Родственники Натальи Кириной из Нальчика тоже пострадали, как кулаки. Она пишет:

«Прадеда моего сослали за то, что имел хорошее подворье. Когда пришла советская власть отдал всё, оставил себе две старые лошади — одну слепую, другую хромую на две ноги. За это и сослали, погибли по пути, детей (мою бабушку и её сестру) оставили здесь, на Тереке. Росли сиротами.»

Прошлась советская власть и по родственникам спортивного журналиста из Москвы Михаила Потапова. Он рассказывает:

«Дядю моего деда репрессировали как зажиточного крестьянина в 30-е годы, и расстреляли. Что интересно, сам мой дед (сейчас ему 84) — антисталинист, но вот его старший брат, с которым мы впервые общались два года назад во время ЧМ по футболу, ярый сталинист, хотя хорошо помнит те времена. Я спрашивал: но каак?

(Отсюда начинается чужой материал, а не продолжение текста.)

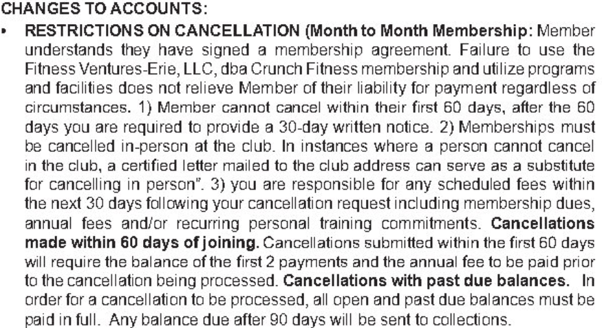 It is close to impossible to cancel your membership with crunch. They will screw you over & try to pressure you into paying more than you want.

Твоего дядю забрали на твоих глазах, ты же сам все это видел. «Ничего не знаю, Сталин — мой герой».

Как кулаков выслали и родственников москвича Александра Галанова. Он плохо знает подробности этой истории, так как в те годы такие вещи не афишировались. Многие вторят ему, что говорить в семье о её членах — врагах народа — было не принято. Например, Александр Штерман из Москвы тоже пишет, что в семье о родном брате его деда, Лаписове Григории Павловиче, никогда не говорили. Он был расстрелян в 1938 году по личному приказу Ежова на полигоне в Коммунарке под Москвой. В интернете есть страница с упоминанием этого человека. Был он высокопоставленным партийным деятелем — начальником Центрального строительного управления Наркомата водного транспорта СССР. Григория Павловича обвиняли в участии в контрреволюционной террористической организации.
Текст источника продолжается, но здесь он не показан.